- **WORK REQUEST**
An exact copy of the lines, starting at the top of the listing and ending with the line that has "积年第315期福彩3D同时奖号为:852 - 743", is the required answer. Pictures are not part of it.

[INFORMATION SUPPLIED]

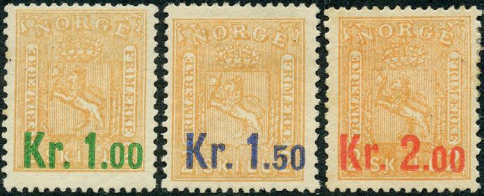 Kroneprovisorier 1905. Komplett ubrukt serie, plate I. Begrenset beholdning.
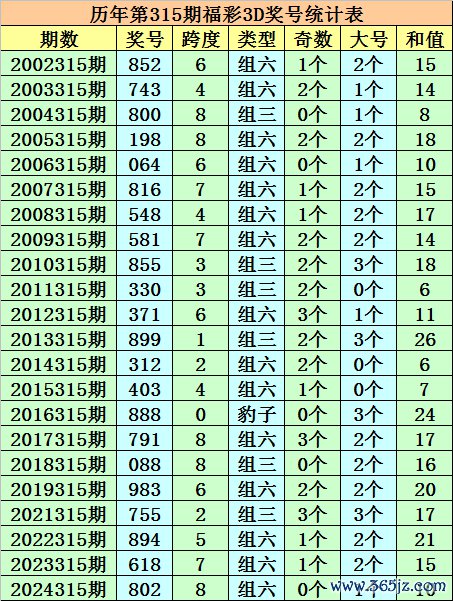 积年第315期福彩3D同时奖号为:852 - 743 - 800 - 198 - 064 - 816 - 548 - 581 - 855 - 330 - 371 - 899 - 312 - 403 - 888 - 791 - 088 - 983 - 755 - 894 - 618 - 802。
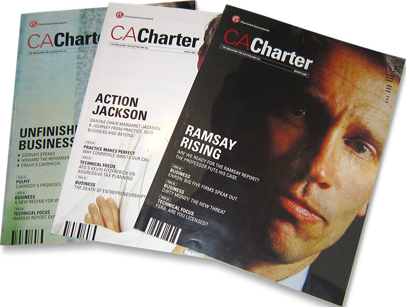 CA Charter is a leading monthly magazine for chartered accountants in Australia. I was responsible for the full design and production of each issue — from creative direction and layout through to photography, advertising management and print delivery.

[/INFORMATION SUPPLIED]

- **WRITTEN ANSWER**
 Kroneprovisorier 1905. Komplett ubrukt serie, plate I. Begrenset beholdning.
 积年第315期福彩3D同时奖号为:852 - 743 - 800 - 198 - 064 - 816 - 548 - 581 - 855 - 330 - 371 - 899 - 312 - 403 - 888 - 791 - 088 - 983 - 755 - 894 - 618 - 802。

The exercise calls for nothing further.